The 2023 U Sports Men's Final 8 Basketball Tournament was held March 10–12, 2023, in Halifax, Nova Scotia, to determine a national champion for the 2022–23 U Sports men's basketball season.

The defending champion Carleton Ravens entered the tournament ranked third, following a loss in the Ontario provincial semi-final game to the Ottawa Gee-Gees. However, the Ravens overcame three teams in this tournament, including Ottawa in the semi-finals, and the St. Francis Xavier X-Men in the first ever double-overtime final, to claim their 17th national title.
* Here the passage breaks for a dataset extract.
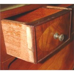 Federal style walnut shaving mirror with inlay and three drawers. Measures 24" tall to top of side finials, 21" wide, and 8 1/4" deep.

The game set a record for the highest number of points scored by a single team in the championship game (men or women)—109—and the highest number of combined points in the title game (men or women)—213. It was Carleton's fourth straight crown, 11th of the last 12, and 17th of the last 20. They remain the winningest top division school in Canada or the United States.

Host
The tournament was hosted by St. Francis Xavier University, the second time the school hosted the championship, after previously doing so in 1968. St. Francis Xavier was originally awarded the hosting rights for the 2021 championship, but that tournament was cancelled due to the COVID-19 pandemic in Canada.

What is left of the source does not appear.